Detection of HP infection
2.2
HP infection was detected using the C13 breath test (Yang et al., 2020), which was conducted on an empty stomach or 2 h after a meal. The inspection method of the test was as follows: The HY-IREXB carbon 13 exhalation detector (Huayou Mingkang Photoelectric Technology, China) was used to measure the DOB value before and after the urea [13C] granules were taken orally. HP infection was defined as positive if the difference in the DOB value between the two measurements was > 4.
Detection of body muscle mass
2.3
Body muscle mass was assessed using a BIA device (BIA 101 RJL, Donghua, Guangzhou, China), which is a non-invasive and cost-effective method for evaluating body composition and is acknowledged by international guidelines as a valid alternative to whole-body dual-energy DXA in large-scale studies (Kyle et al., 2004). According to the guidelines, with a room temperature ranging from 22–25°C, during BIA measurements, Subjects were instructed to first urinate, then fast for 8 hours, followed by resting for 5 to 10 minutes. After resting, they were asked to remove their shoes and socks and stand barefoot on the pedal, aligning their heels with electrodes at the rear end of the foot. The subjects were then asked to hold the electrodes with both hands, keeping their arms relaxed at the sides without touching their body, and ensuring good contact between the electrodes on their hands and feet and the device electrodes. The device conducted low-intensity electrical currents and recorded the impedance values of various body components, including total muscle mass and total skeletal muscle mass. The final results were automatically displayed by the device based on the subject’s gender, age, height, and other basic data.

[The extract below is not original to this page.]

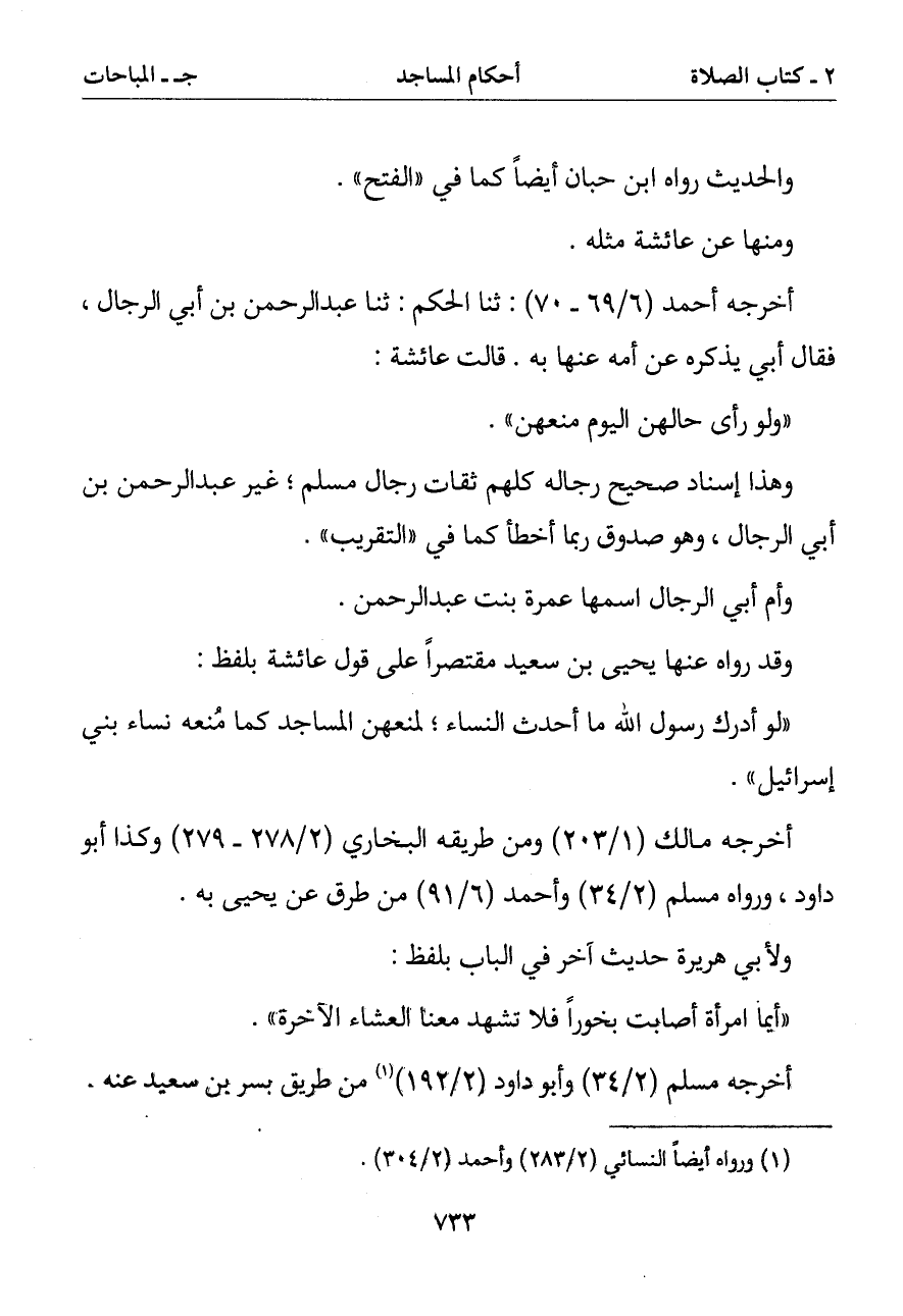 (لو أدرك رسول الله ما أحدث النساء لمنعهن المساجد كما منعه نساء بني إسرائيل)

ASMI was calculated by the ratio of the total skeletal muscle mass of the limbs to the square of height – ASMI = [total skeletal muscle mass of limbs (kg)/height² (m²)].
Statistical analysis
2.4
Data are expressed as mean ± standard deviation for continuous variables and percentage for categorical variables. Independent student’s t-test, chi-squared test, and Mann–Whitney’s U-test were conducted to assess the statistical significance between subjects with and without HP infection. A paired student’s t-test was used to assess the longitudinal association between HP infection status and different types of muscle mass. Multivariate linear regression analyses were performed to investigate the effect of HP infection on muscle mass by adjusting for various risk factors with P < 0.05 in the univariate linear regression analysis. Collinearity statistics were used to assess the collinearity of the parameters used in the multivariate models; values greater than 10 for VIF and less than 0.1 for tolerance were considered to require action. Statistical analyses were performed using SPSS (version 22.7) for Windows, with P < 0.05 considered statistically significant.
Results
3
Clinical characteristics
3.1
The eligible subjects had a mean age of 46.31 ± 11.78 years, ranging from 18 to 89 years. The prevalence of HP infection in the subjects was 43.92% (3,562). Table 1 presents the clinical characteristics of subjects with and without HP infection. The HP+ group was older and had a lower BMI and blood pressure value compared with the HP-group (P < 0.05). According to the inflammatory indicators, the HP+ group had higher hs-CRP, NLR, NMR, and MLR compared with the HP- group (P < 0.01). With regards to nutrition index, serum levels of albumin, total protein, and hemoglobin were lower in the HP+ group compared with that of the HP- group (P < 0.01). Although the serum levels of albumin and total protein levels were all above the normal range (above 35g/l and 63g/l) in the present study, after dividing the study subjects into quartile groups based on serum albumin levels (47.0(45.2, 48.4) g/l) and total protein levels (75.9(73.3, 78.5) g/l) respectively, the HP+ group had the highest number of individuals in the Q1 level (28.4% and 27.1% respectively), and the lowest number of individuals in the Q4 level (22.5% and 23.9% respectively); whereas the HP- group had the lowest percentage in Q1 levels (23.4% and 24.6% respectively) but the highest percentage in the Q4 group (26.7% and 26.8% respectively). A total of 639 subjects with hemoglobin levels below 130g/l, 69.4% of whom were with HP infection. Referring to metabolic indicators, the HP+ group exhibited higher levels of HDL-c but lower levels of TG, LDL-c, creatinine, and uric acid compared to the HP- group (P < 0.05). There were no significant differences in WBC, PLR, FBG, and TC between the two groups (P > 0.05).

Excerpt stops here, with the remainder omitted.